- Conference: Atlantic Coast Conference
- Record: 5–26 (1–17 ACC)
- Head coach: Joanna Bernabei-McNamee (8th season);
- Assistant coaches: Sean Ehlbeck (3rd season); Clint Williams (1st season); John Marcum (1st season); Kristina Baugh (1st season);
- Home arena: Conte Forum

= 2025–26 Boston College Eagles women's basketball team =

Intercollegiate basketball season

The 2025–26 Boston College Eagles women's basketball team represented Boston College during the 2025–26 NCAA Division I women's basketball season. The Eagles were led by eighth-year head coach Joanna Bernabei-McNamee. They played their home games at the Conte Forum in Chestnut Hill, Massachusetts as members of the Atlantic Coast Conference.

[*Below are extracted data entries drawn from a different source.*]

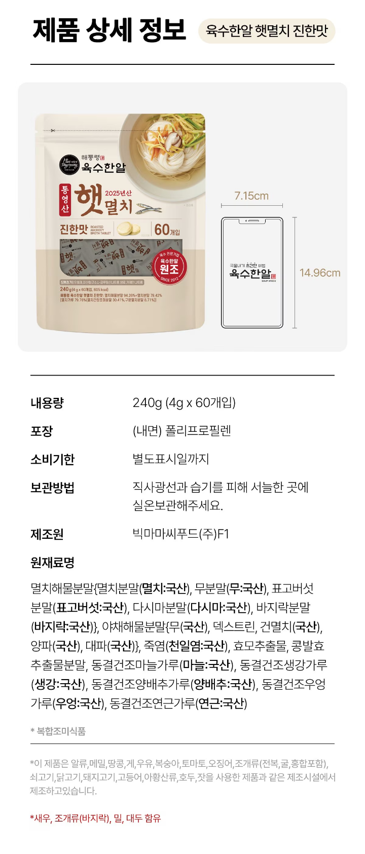| 원재료명 및 함량 | (농수산물의 원산지 표시에 관한 법률에 따른 원산지 표시 포함) |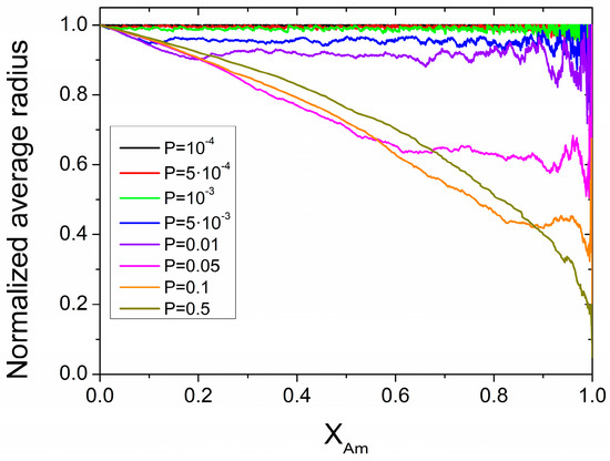 Normalized average radii of the remnant crystallites as a function of the transformed fraction obtained from the simulations for different values of nucleation probability (f(G/L0) = 0.005 steps−1).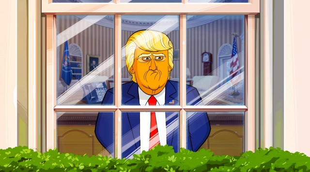 Med en todimensionel Donald Trump-avatar i hovedrollen i følgeskab med sit lalleglade følge af medarbejdere og familie, præsenterer denne knivskarpe komedie et næsten-sandt eventyr om Trump, hans fortrolige og hans bonkammerater.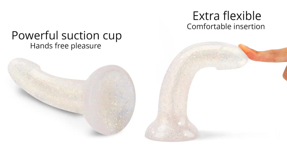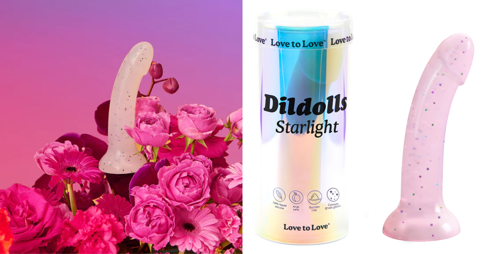 Starlight is a powder-pink dildo adorned with starry glitter of all colors.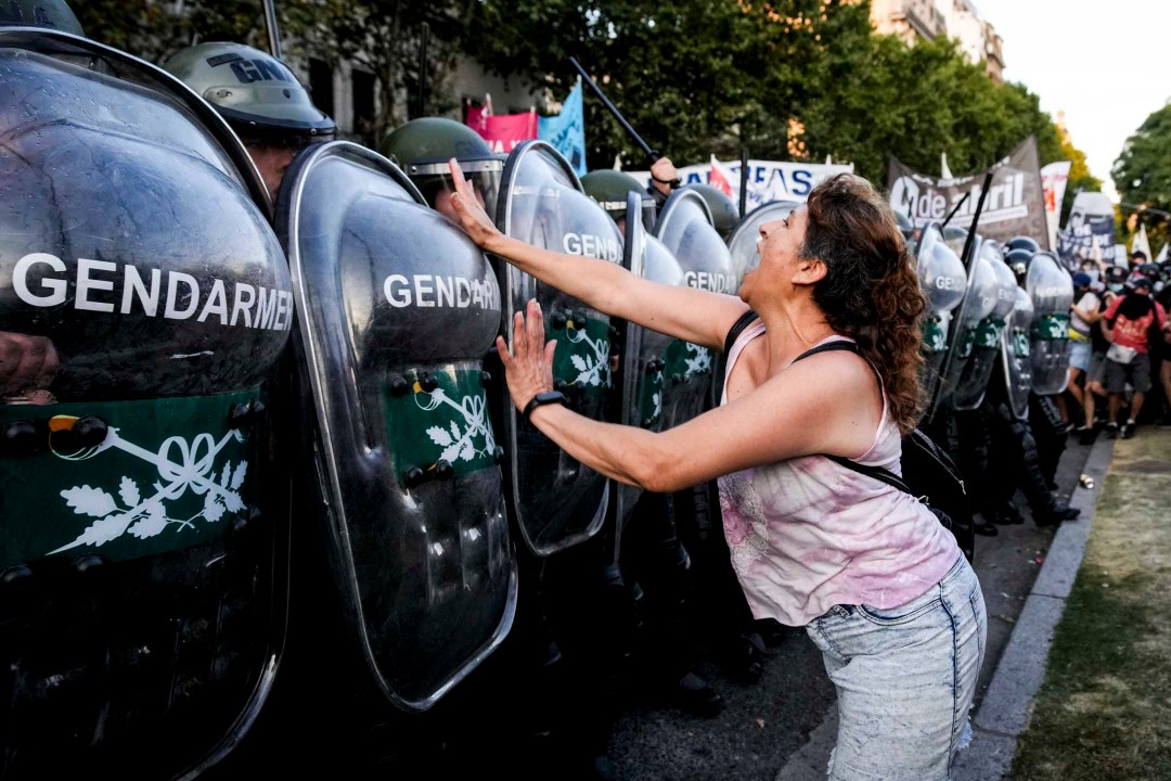 端传媒图片编辑每天会为日报精选一张全球新闻摄影作品。今天的题图来自美联社南锥体新闻总监 Natacha Pisarenko:2024年2月1日,阿根廷布宜诺斯艾利斯,国会正在辩论阿根廷总统米莱提出的一项法案,反政府示威者在国会外抗议,与警察对峙。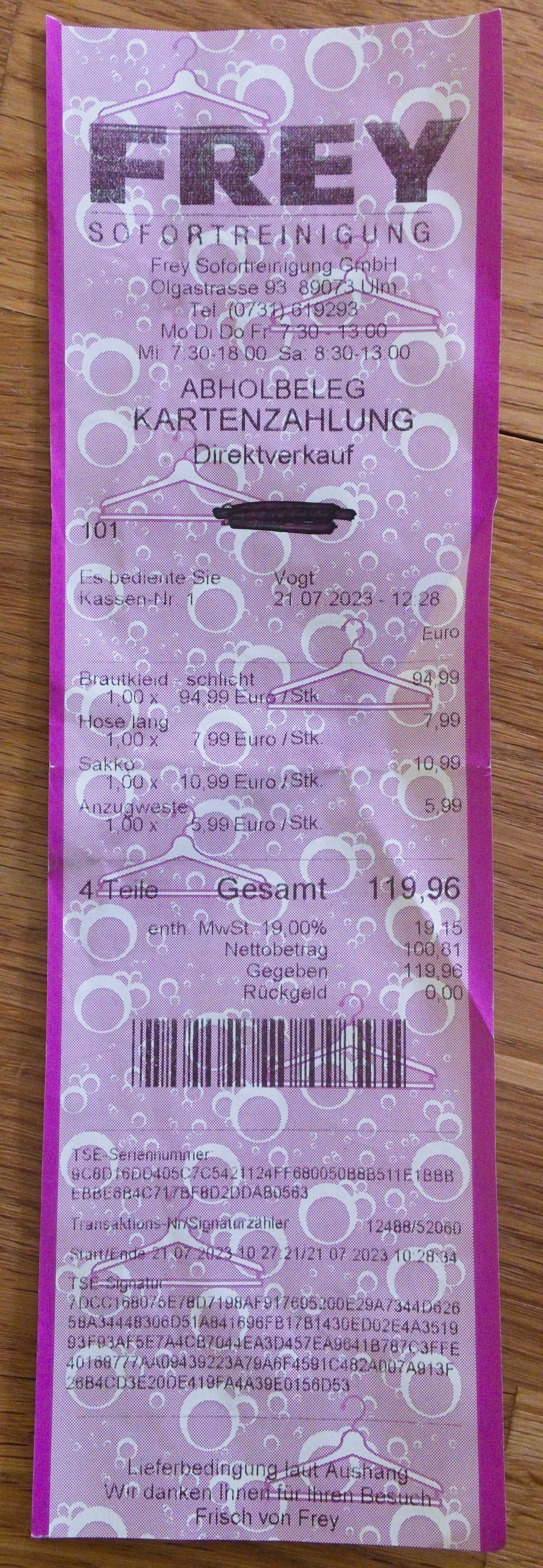 Professionell gereinigt: Ja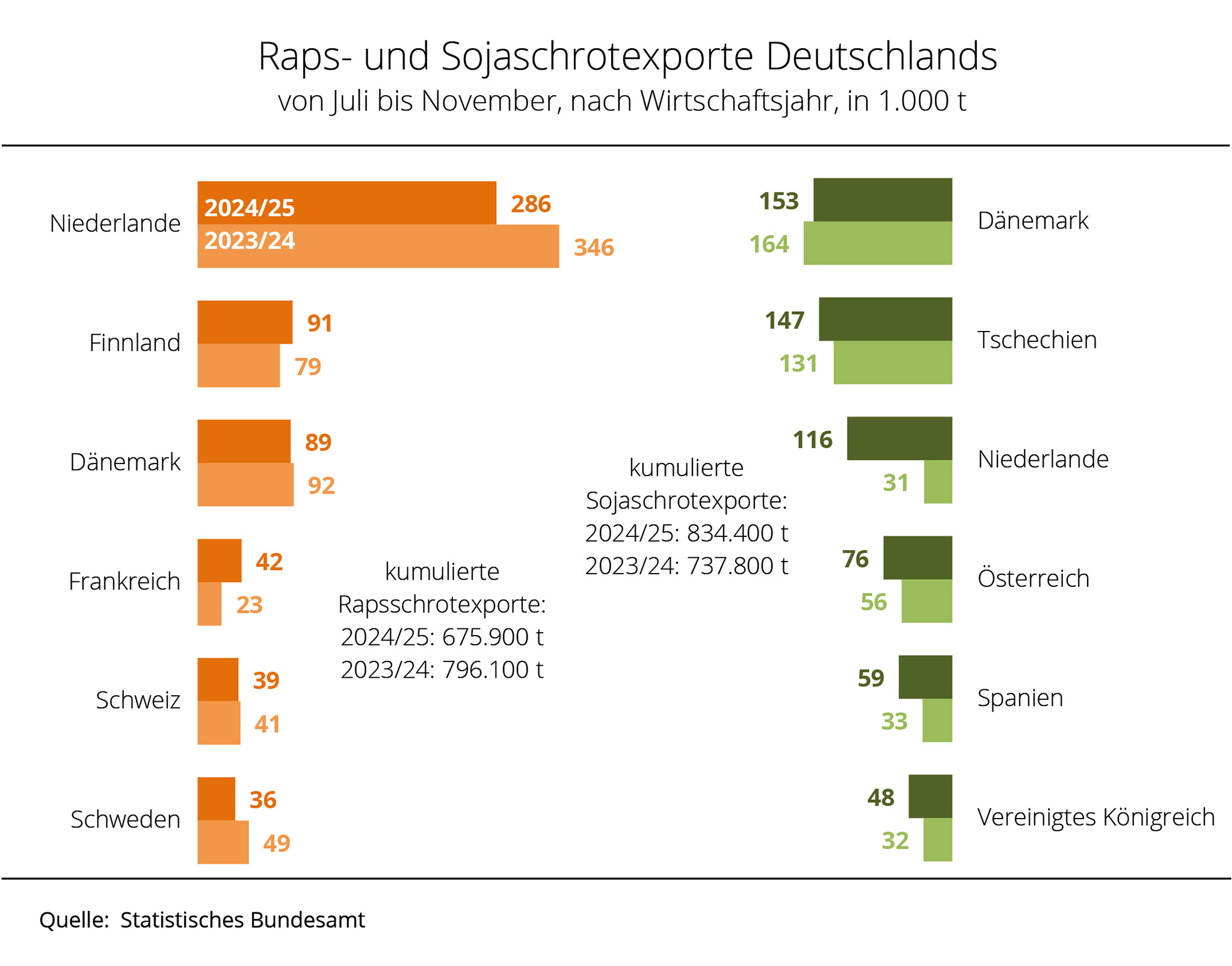 Das in Deutschland produzierte Raps- und Sojaschrot wird nach Recherchen der Agrarmarkt Informations-Gesellschaft (mbh) zum größten Teil in andere EU-Staaten exportiert. Wie in den Vorjahren sind die Häfen in den Niederlanden die Hauptabnehmer für die globale Verschiffung. Von Juli bis November 2025 wurden rund 200.000 t Rapsschrot in das Nachbarland verkauft, 30 % weniger als im Vorjahreszeitraum. Mit rund 87.600 t erhielt Dänemark 2 % weniger, klettert damit aber wieder auf Platz 2 der wichtigsten Abnehmer. Die Rapsschrotexporte in Richtung Schweden, Finnland und in die Schweiz blieben ebenfalls hinter dem Vorjahr zurück. Nach Frankreich lieferte Deutschland mit 42.000 t nur marginal weniger als in den ersten fünf Monaten des Wirtschaftsjahres 2024/25.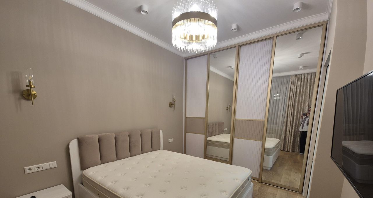 ЖК Династия. Выполнен дизайнерский ремонт. Просторная кухня-столовая, представлена вся бытовая техника. Диван раскладывается . Спальня : Двухспальная кровать, шкаф купе во всю стену. В квартире имеется 2 телевизора, кондиционер. С/узел совместный с ванной. Стиральная машина с функцией сушки. В прихожей встроенный шкаф купе. Сдается на длительный срок.
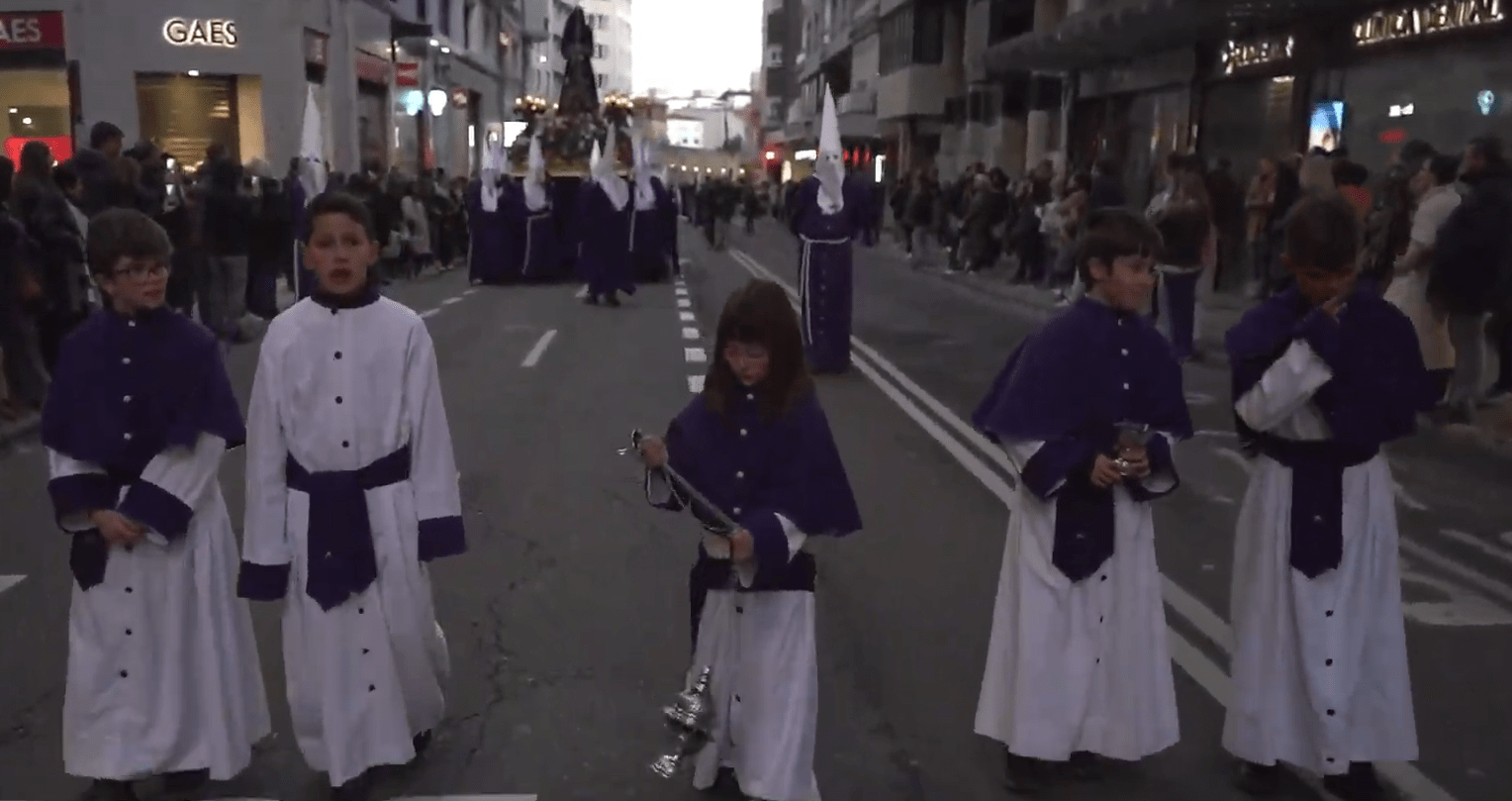 Este Miércoles Santo ha perdonado y finalmente no ha habido precipitaciones durante la tarde. Sin embargo, ha sido una jornada muy fría, rozando los cero grados, pero no impidiendo que las procesiones salieran. Es el caso de la Procesión del Silencio Cofradía Santísimo Cristo de la Expiración y del Silencio que parte de la iglesia de San Francisco y recorre el centro de la capital leonesa.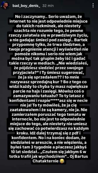 „Nie wiedziałeś, iż pójdziesz siedzieć przez swojego przyjaciela?” Ty śmiesz sugerować, iż ja się sprzedałem?! To mnie nazywasz sprzedającą kur? Bo z tego co widzi każdy, to chyba ty masz największe parcie na hajs i zasięgi. Mówisz coś o zamazywaniu tatuażu? To ty latasz z konfidentami i rozpie*dalasz się w necie, nie ja! To ty mówiłeś, iż ja cię zaatakowałem i iż są kamery, nie ja. Nie zamierzałem poruszać tego tematu w internecie, bo nie jest to odpowiednie miejsce do tego, ale niestety nie umiesz się zachować, co potwierdzasz na każdym kroku. Idź dalej, trzymaj się z pdf i konfidentem. No i na koniec dodam, iż siedziałeś w areszcie, a nie w więzieniu, a byłeś tam 3 tygodnie, a płaczesz jakbyś 10 lat siedział… „Czułem się jakbym 6 w totka trafił jak wychodziłem”. Oj Bartuś, charakternie.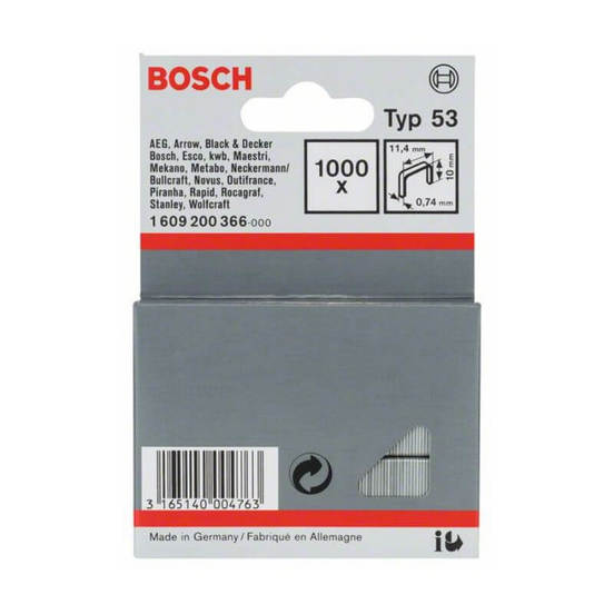 Метални скоби за ръчен такер TYP 53 на BOSCH. Скобите за такер са с дължина 10мм и широчина 11.4мм. Предлагат се в опаковка от 1000 броя.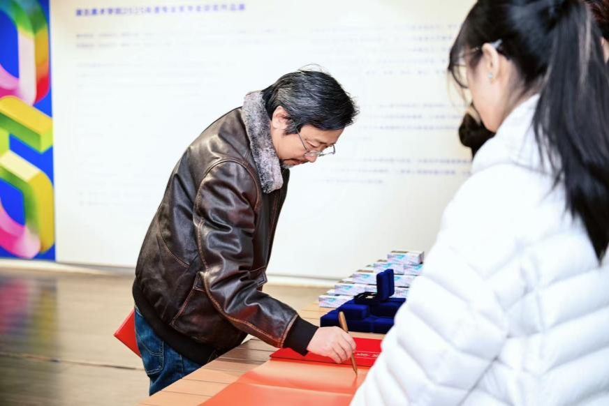 颁奖环节中,张杰宣读了2025年度专业奖学金获奖名单。与会嘉宾及出资方代表分别为“邵声朗艺术奖”“红星宣纸奖学金”“北村奖学金”“许钦松创作奖”“致美奖学金”等获奖学生颁奖并合影留念。

Boston College began their season with a one-point loss against Holy Cross, but turned it around with three straight wins. They then lost three straight games, including one in overtime to Harvard. They broke the streak with a 77–72 victory over Merrimack. The Eagles then traveled to Daytona Beach, Florida to participate in the Daytona Beach Classic. There they lost both of their games. After the November 25 victory over Merrimack, the Eagles would not win another game until February 19. This included fifteen-straight ACC losses and twenty straight overall losses. They played only two ranked teams during the run, eigtht-ranked Louisville and sixteenth-ranked North Carolina. The closest games in the stretch were a three-point loss to Pittsburgh and a five-point loss to Murray State. The streak was broken with a 77–59 win over SMU on February 19. The Eagles lost their final two ACC games to end the season.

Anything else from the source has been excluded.